On Sunday, January 21, I have an 8-9 hour day scheduled with my attorney who is also one of the most respected firearms instructors in Massachusetts, and one of the most visible state-level advocates of *responsible* gun use.  

He and I have talked via phone and e-mail where he assessed my reasons for wanting to own a gun, as well as my overall firearms and marksmanship experience.  He has agreed to work with me, which I expected, but I was not quite expecting how in-depth the work would be.  

The first half of the day will be spent in the classroom going over gun laws and use of force laws, especially as they pertain to Massachusetts.   The second half of the day will be be spent out on the range, where he believes that he can improve my pistol accuracy will improve from consistently nailing NRA-spec targets at 21 feet to consistently nailing NRA-spec targets at 40 yards.  

Finally, the day will wrap up with...the reason why I contacted him to begin with, obtaining the legal advice necessary to optimize my chances for a Massachusetts Class "A" License to Carry, and a New Hampshire Non-Resident CCW.

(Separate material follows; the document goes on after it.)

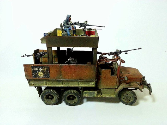 什麼叫GUN TRUCK?就是在一般的卡車的車身上加上厚鋼板及機槍,是一種以最低的成本,製造出兼顧防禦及攻擊力的裝甲車。

Massachusetts arguably has the most restrictive gun laws in the country so...this will not be easy...but, I will try my best, and I know my attorney will try his best.   I hope by early Spring I will have some good news.


----------



## Kacey (Dec 22, 2006)

You have fun - I _was_ kind of wondering what this was doing in the Firing Range and not, say, the LLR!


----------



## Xue Sheng (Dec 22, 2006)

Kacey said:


> I _was_ kind of wondering what this was doing in the Firing Range and not, say, the LLR!


 
I agree I was actually a bit Concerned for a minute there, based on Carol's Maglite history. 

I know a few people that went through this in MA a few years back and it is certainly not easy. Good luck and have fun


----------



## bydand (Dec 22, 2006)

Wow, all that for a ccw.  Good Luck!!  It makes me appreciate Maine a bit more.

I know you will do great and I'll cross my fingers that the State agrees to give you one.


----------



## Carol (Dec 22, 2006)

All this just so I can carry within our 10,000 square miles.   I won't have a CCW or anything with reciprocity unless I get approved for a NH non-resident permit. 

 Its a bit comical.


----------



## KenpoTex (Dec 22, 2006)

sounds like you're off to a good start...hope everything works out for you.


----------



## Drac (Dec 22, 2006)

kenpotex said:


> sounds like you're off to a good start...hope everything works out for you.


 
Ditto..


----------



## Mariachi Joe (Dec 22, 2006)

Best of luck and enjoy


----------